- Assignment:
Your copy should hold the lines below from the first through the one that contains "Cornell 1.5L Seamless", each retyped exactly, and no pictures.

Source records
▶

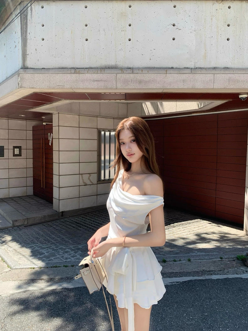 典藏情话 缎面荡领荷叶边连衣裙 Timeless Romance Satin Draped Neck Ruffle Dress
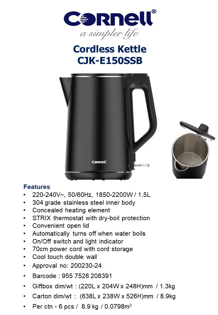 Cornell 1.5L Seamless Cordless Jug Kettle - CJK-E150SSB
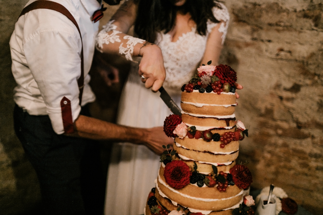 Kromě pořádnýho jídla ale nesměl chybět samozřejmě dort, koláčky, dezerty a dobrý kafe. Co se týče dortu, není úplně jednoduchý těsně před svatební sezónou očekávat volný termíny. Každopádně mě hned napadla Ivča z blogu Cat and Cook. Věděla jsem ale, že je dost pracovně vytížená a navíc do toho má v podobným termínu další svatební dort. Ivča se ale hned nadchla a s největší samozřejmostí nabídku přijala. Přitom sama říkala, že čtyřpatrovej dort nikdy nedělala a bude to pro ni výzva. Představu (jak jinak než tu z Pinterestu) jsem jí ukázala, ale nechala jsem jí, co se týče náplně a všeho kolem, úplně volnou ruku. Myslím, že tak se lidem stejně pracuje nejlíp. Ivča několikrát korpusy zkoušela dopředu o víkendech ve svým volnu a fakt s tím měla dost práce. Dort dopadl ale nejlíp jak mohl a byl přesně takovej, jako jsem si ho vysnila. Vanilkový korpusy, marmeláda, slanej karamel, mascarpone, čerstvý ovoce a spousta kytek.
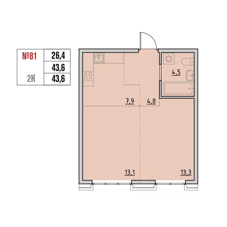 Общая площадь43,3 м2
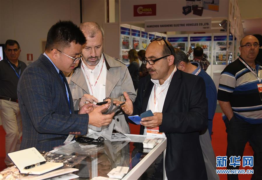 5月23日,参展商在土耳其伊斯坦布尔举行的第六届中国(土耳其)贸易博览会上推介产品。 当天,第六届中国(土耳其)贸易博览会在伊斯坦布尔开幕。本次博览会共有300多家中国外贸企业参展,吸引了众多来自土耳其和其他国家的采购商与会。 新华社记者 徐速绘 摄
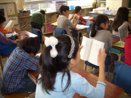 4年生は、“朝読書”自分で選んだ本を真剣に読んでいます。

◀

- Exercise output:
 典藏情话 缎面荡领荷叶边连衣裙 Timeless Romance Satin Draped Neck Ruffle Dress
 Cornell 1.5L Seamless Cordless Jug Kettle - CJK-E150SSB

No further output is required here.